Innovative UNT logistics program earns Southwestern Business Deans' Association award

Wednesday, June 11, 2014 - 13:43

DENTON (UNT), Texas -- In today's global marketplace, business graduates may have to work with co-workers scattered across the world -- and they may never meet face to face.

So how do you learn how to work on a team with one person in Austria, another in Finland and yet another in China when you're in Texas?

Dr. Ted Farris, professor of logistics in the University of North Texas College of Business, developed a program that earned the Bobby G. Bizzell Innovative Achievement Award from the Southwestern Business Deans' Association for an innovative way of helping students learn in displaced work groups -- or teams with members spread across different locations.

The award, sponsored by Bloomberg Businessweek, was presented at the association's Annual Meeting this week in Santa Fe, New Mexico, and the UNT program received a cash prize of $1,500.

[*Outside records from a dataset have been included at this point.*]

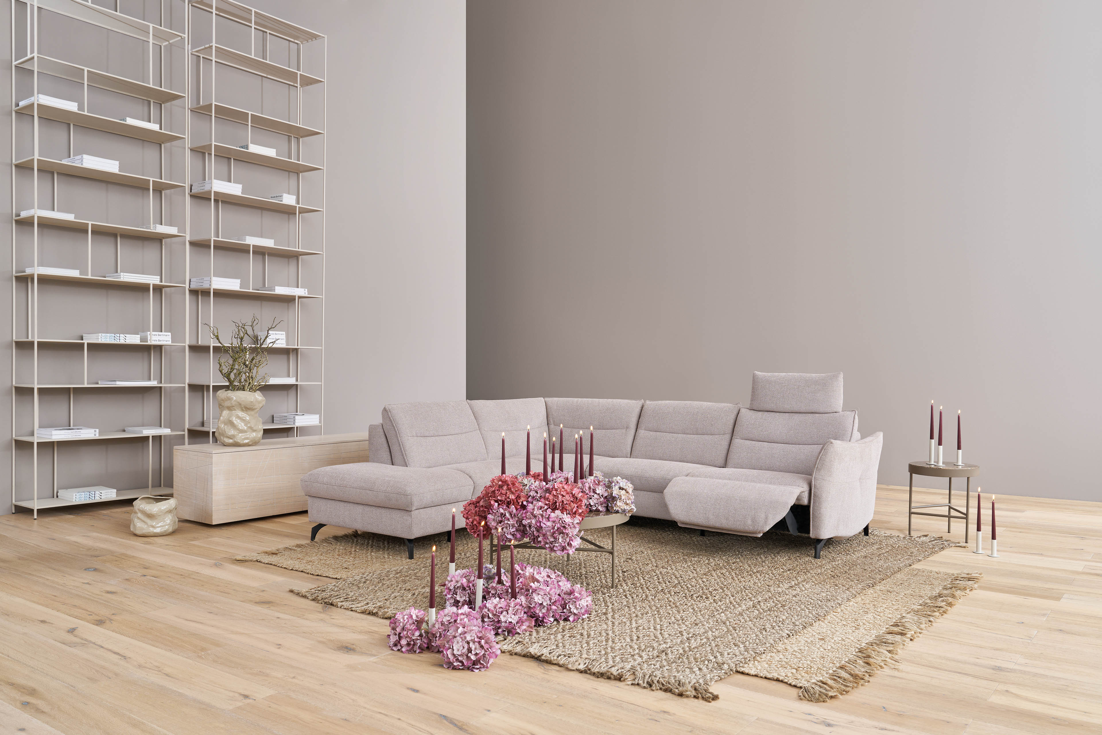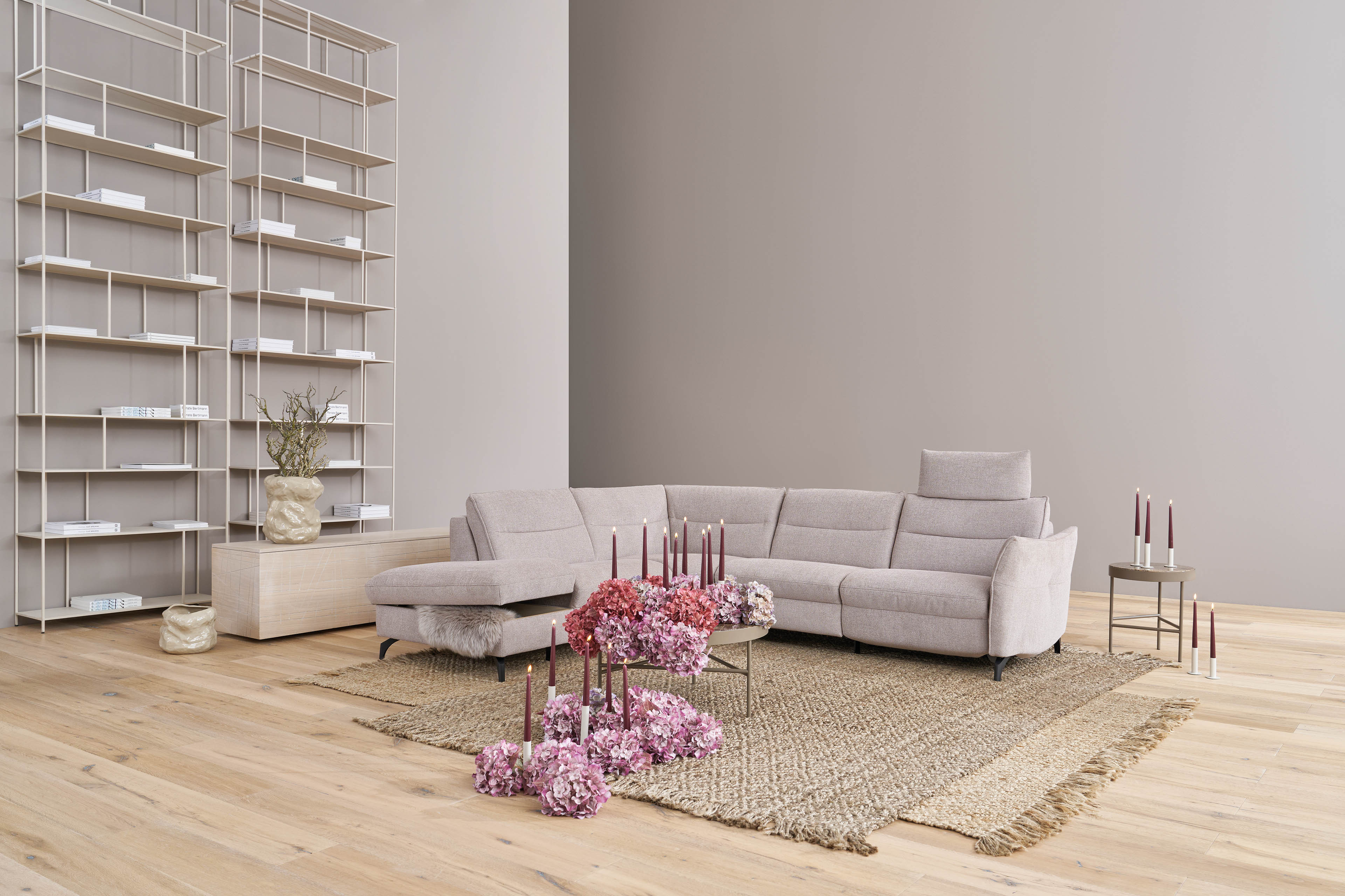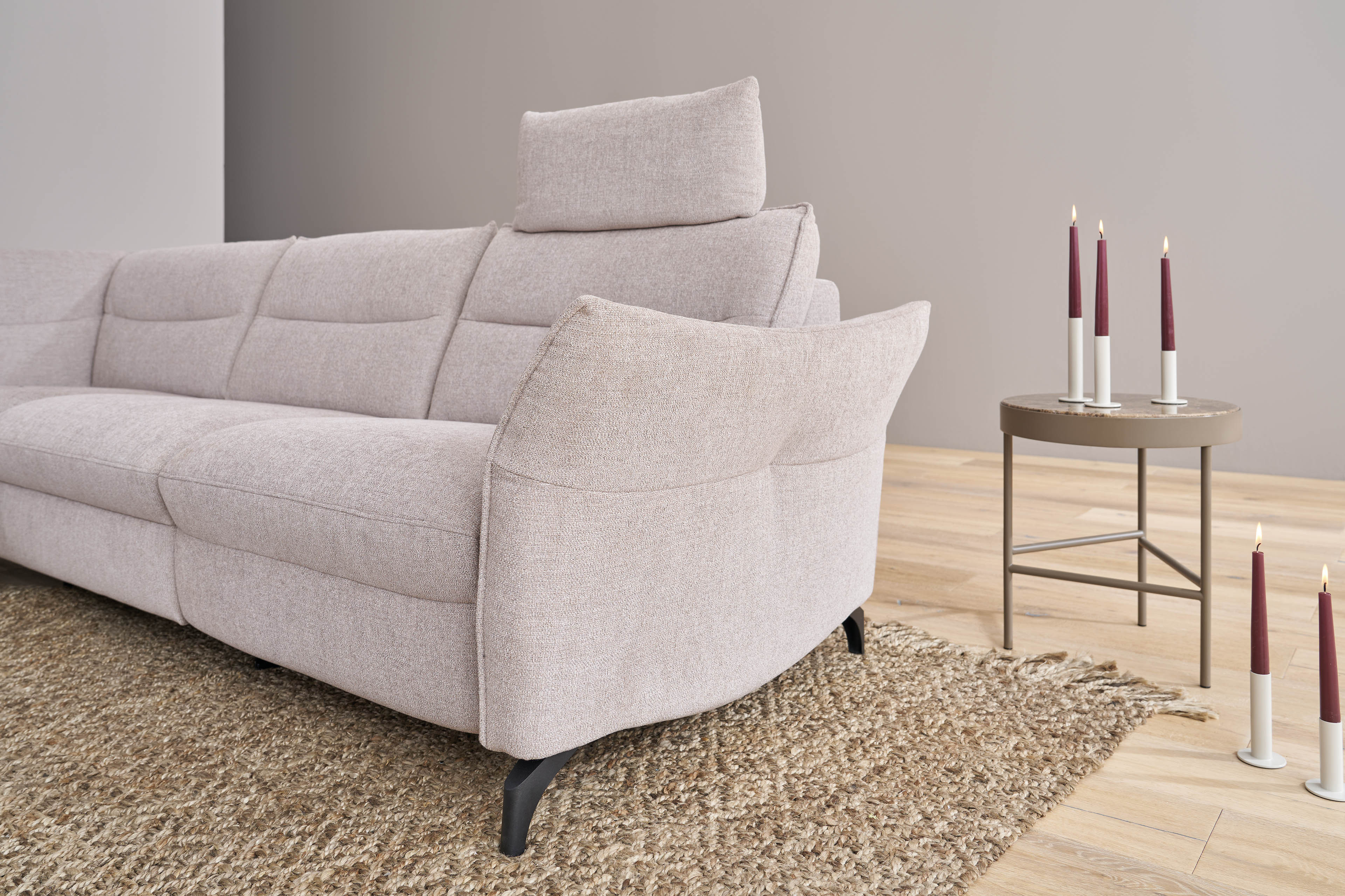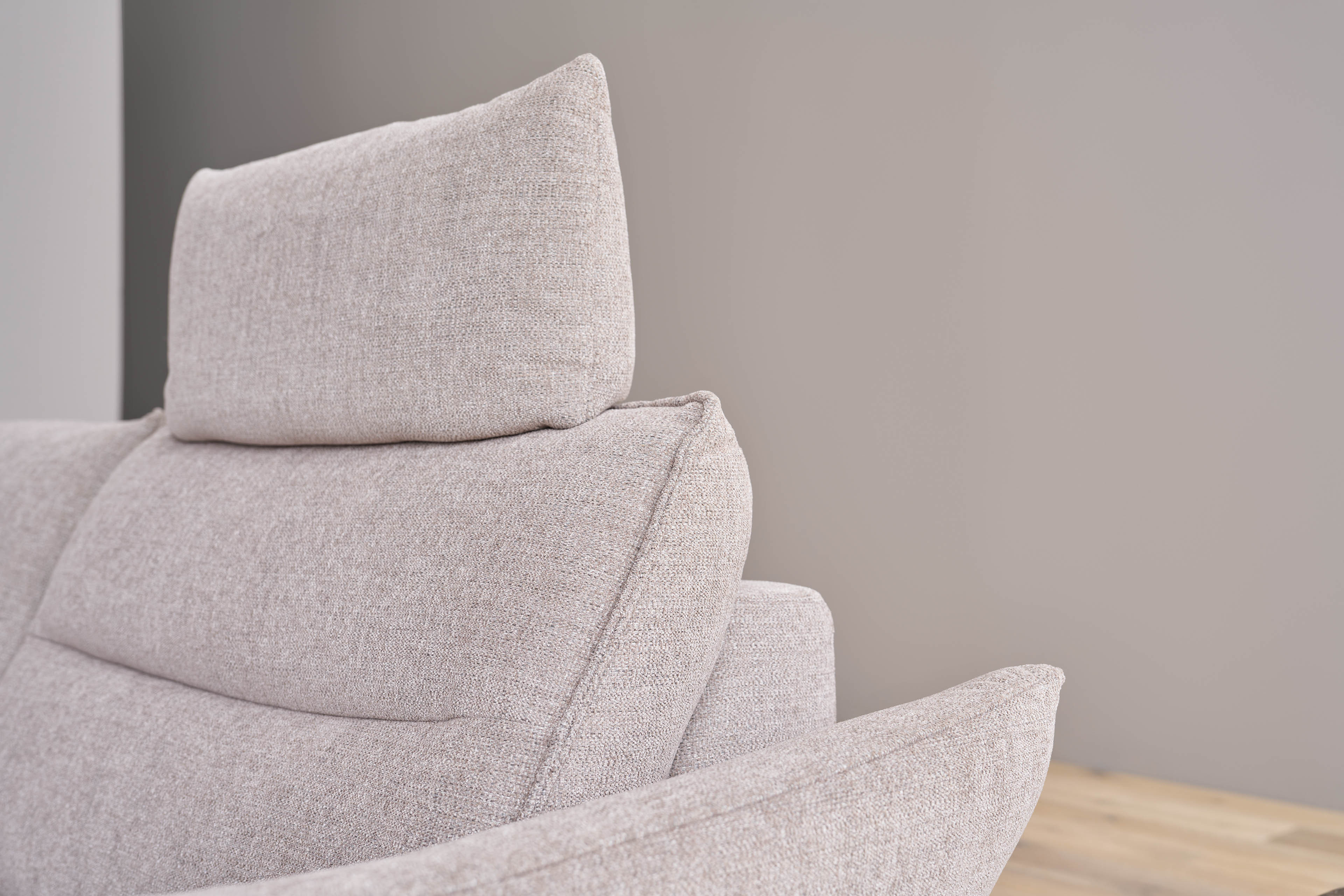 Erleben Sie Entspannung in einer völlig neuen Dimension mit dem Modell 1667 aus dem Hause Himolla, das als persönliche Ruheinsel im großen Stil weit mehr als nur eine gewöhnliche Sofagarnitur ist. Auf einem großzügigen Stellmaß von etwa 237 x 277-285 cm bietet diese Eckcouch, bestehend aus einem offenen Abschlusselement, einer Ecke und einem komfortablen 2,5-Sitzer, genau den Freiraum, den Sie nach einem stressigen Tag verdienen, sei es bei einem geselligen Spielenachmittag mit der Familie, einem kuscheligen Kinoabend zu zweit oder beim ganz privaten Rückzug mit einem spannenden Buch, welches Sie so sehr fesselt, als wären Sie inmitten der Geschichte. Damit jeder Nutzer seinen individuellen Komfort findet, steht Ihnen die hochwertige Superlastic-Formschaum-Polsterung in drei unterschiedlichen Härtegraden zur Verfügung - von angenehm weich, die softe Variante, über die Universalpolsterung "med", bis hin zum festen und aufrechten Sitzen, mit der Ausführung "plus mit Federkern", während die optional hinzubuchbare Relaxfunktion für den 2,5-Sitzer - wahlweise manuell oder motorisch steuerbar - ein stufenloses Gleiten in die perfekte Liegeposition ermöglicht. Ergänzt wird dieses Wohlfühlerlebnis durch weitere praktische Annehmlichkeiten, wie die bereits modelltypisch integrierte Armteilverstellung, die sowohl als bequeme Ablage beim Lesen als auch als stützendes Kopfpolster für ein kurzes Nickerchen fungiert, sowie durch optionalen Stauraum im Abschlusselement und ergonomische Kopfstützen, die ein erholsames Zurücklehnen möglich machen. Auch optisch lässt sich die Garnitur perfekt an Ihr Interieur anpassen, da der Hersteller neben dem abgebildeten dezenten Design aus Chenille-Flachgewebe in der Farbe "seashell" eine exklusive Palette an hochwertigen Stoff- und Lederqualitäten in verschiedensten Farbintensitäten bereithält. Lassen Sie die Hektik des Alltags hinter sich und machen Sie Ruhe sowie Behaglichkeit zum neuen Mittelpunkt Ihres Zuhauses - mit dem Himolla Polstersofa 1667.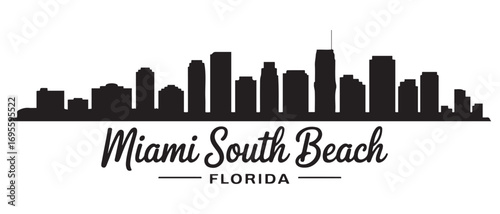 Miami South Beach skyline horizontal banner. Miami South Beach, Florida. Vector black silhouette. with white background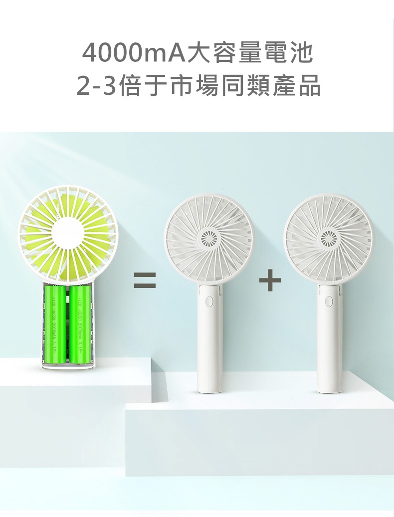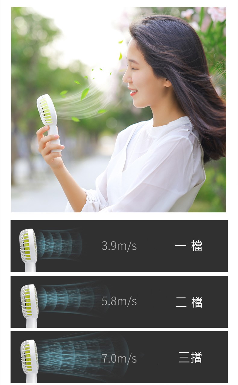 【超長續航】【靜音大風力】【風力可調】實用大容量鋰電池24H續航七扇葉USB靜音風扇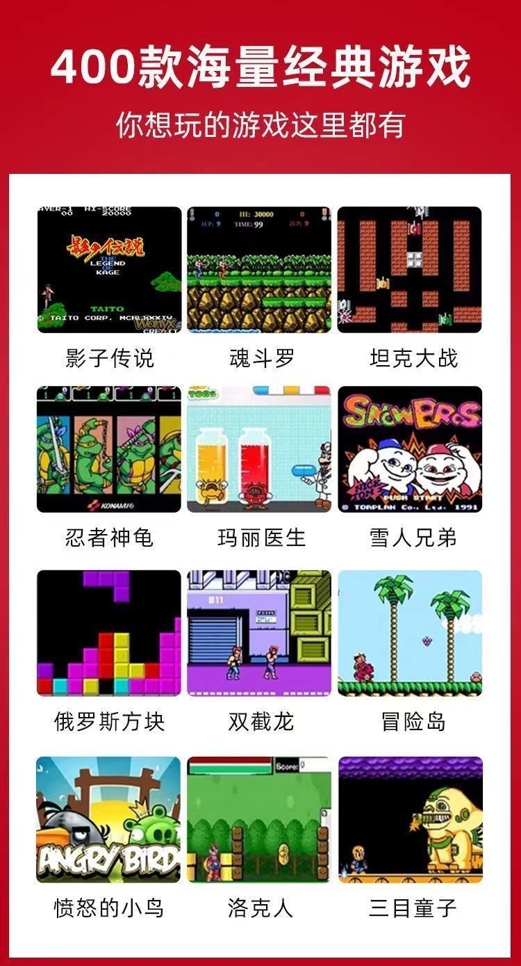型号: 400合一红色,400合一黑色,400合 货号: SUP掌机 产地: 中国大陆 货源类别: 现货 商品类型: 全新 产品类别: sup复古游戏机 游戏类型: ACT动作游戏 游戏版本: 简装版 接口类型: USB 视频/音频接口: AV线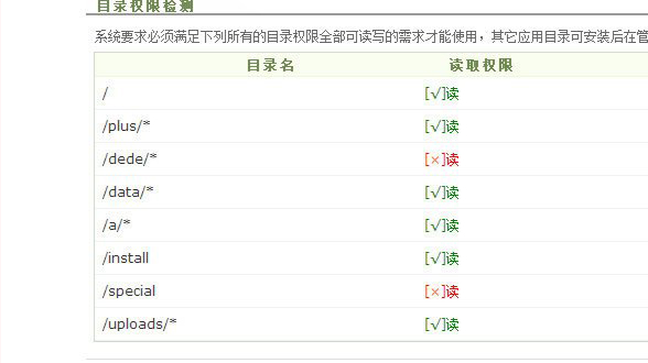 另外,由于我們修改後台名等其他内容,所以安裝時候會出現這樣的情況,這個不用擔心,隻是系統沒找到我們這個文件夾,因爲我們修改了,大家直接下一步即可,但是如果你發現全部都(dōu)是紅色叉叉,那就(jiù)是你空間權限問題了。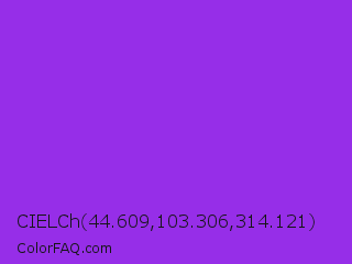 CIELCh 44.609,103.306,314.121 Color is a normal purple color and the nearest color is Blue Violet #8a2be2. Hex code #962ee8 and RGB value is rgb(150,46,232). In RGB color space, this color is composed of 59% red, 18% green, 91% blue, In CMYK color space, this color is composed of 35% cyan, 80% magenta, 0% yellow , 9% black , In HSL color space, this color has a hue angle of 274° , 80% saturation and 55% lightness.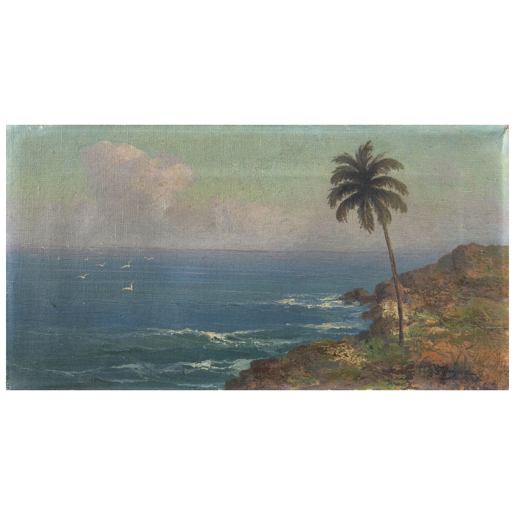 GUILLERMO GÓMEZ MAYORGA (Puebla, 1887 - 1962) Sin título Firmado Óleo sobre tela Presenta detalles de conservación. "Las marinas de Guillermo Gómez Mayorga abarcan diversas tonalidades monocromáticas que al integrarse con la delicada pincelada crean una atmósfera tradicional y fresca de las playas mexicanas, dando la impresión de sentir la frescura del mar irrumpiendo contra las rocas y la brisa salada de la costa […] Las sensaciones transmitidas por los paisajes de Mayorga se deben a su conocimiento grafológico, su amor por la naturaleza y su aprendizaje en la cumbre de las vanguardias artísticas de la época". Hugo Covantes. Fuente consultada: AMERLINCK, Rodrigo et ál. Guillermo Gómez Mayorga. México. Fernández Cueto Editores, 1998, pp. 101-107. 22.5 x 42.5 cm Estimado $ 36,000-50,000

"I am honored to be recognized for this leading-edge pedagogical innovation," Farris said. "It goes hand-in-hand with our top five global ranking for research in logistics. We have extended the classroom internationally and are better preparing our graduates to excel in their careers."

The innovative classroom program is called "Globally Displaced Workgroups: Creating a Real-World Experience in the Classroom." Farris created the pilot program in Fall 2011 with 167 students from two U.S. and two European universities. Since then, the program has been offered to 1,566 students at 20 universities across the world. In Fall 2014, up to 13 universities in the U.S. and 11 universities from Austria, China, Columbia, France, Italy, Malaysia, Morocco, Peru and the United Kingdom are expected to participate.

Each team consists of students from four universities who work together to solve a case study during a two-week period. While working on their projects, these students deal with the real-world challenges of varying time zones, language obstacles, cultural differences and technology connection issues.

"Farris' emphasis on developing critical thinking skills has been well received by our industry customers who seek students (who) are well prepared to integrate their specialized functional knowledge immediately into the work place," Jeffrey Sager, chair of the Department of Marketing and Logistics at UNT, wrote in his nomination of Farris. "Such skills have escalated in import as technology and globally scaled enterprise demand abilities to work closely with supply chain trading partners on a worldwide scale."

Farris also earned the UNT College of Business Outstanding Teaching Innovation Award this year.

The UNT logistics program was ranked in the top five internationally for research productivity by the International Journal of Physical Distribution and Logistics Management in 2012.

About UNT's College of Business

With more than 5,500 students, UNT's College of Business is one of the largest business schools in the nation and has been continuously accredited by the Association to Advance Collegiate Schools of Business (AACSB) International since 1961. With 103 full-time faculty members, the college offers 16 undergraduate degrees, 22 master's degrees, seven doctoral programs and 17 certificate programs. Three centers and institutes in the College of Business create synergy among scholarship, research and teaching. Classes take place in the new 180,000-square-foot Business Leadership Building, which opened in 2011. Students enhance their learning experience through student organizations, study abroad programs, internships and the Professional Leadership Program to develop the skills and knowledge they need to succeed in today's technological and global business environment.